> [TASK ITEM]: Every picture is to be removed, and all the data is to be copied exactly.

> [DATA EXCERPT]:

******************************

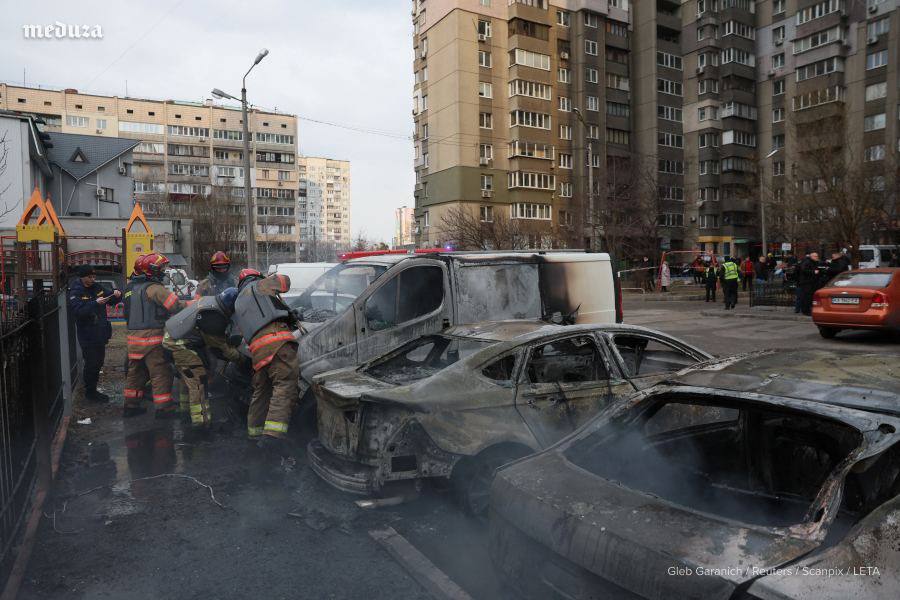В Киеве ракеты удали по объектам энергетической инфраструктуры, от обломков ракеты загорелись автомобили во дворе жилого дома. Были отключения электроэнергии.
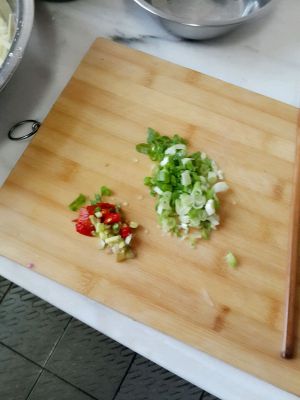 干辣椒和青椒都切成小圆圈,蒜切成片,花椒几粒。
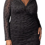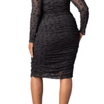 Be the leading lady in this bodycon number inspired by the curve-enhancing style of the 40's and 50's. Ruching throughout the waist and skirt will smooth and enhance your curves to perfection, while the v-neck and the long sleeves are flattering and give the perfect amount of coverage.

******************************

> [ANSWER FOR THIS EXERCISE]:
В Киеве ракеты удали по объектам энергетической инфраструктуры, от обломков ракеты загорелись автомобили во дворе жилого дома. Были отключения электроэнергии.
 干辣椒和青椒都切成小圆圈,蒜切成片,花椒几粒。
 Be the leading lady in this bodycon number inspired by the curve-enhancing style of the 40's and 50's. Ruching throughout the waist and skirt will smooth and enhance your curves to perfection, while the v-neck and the long sleeves are flattering and give the perfect amount of coverage.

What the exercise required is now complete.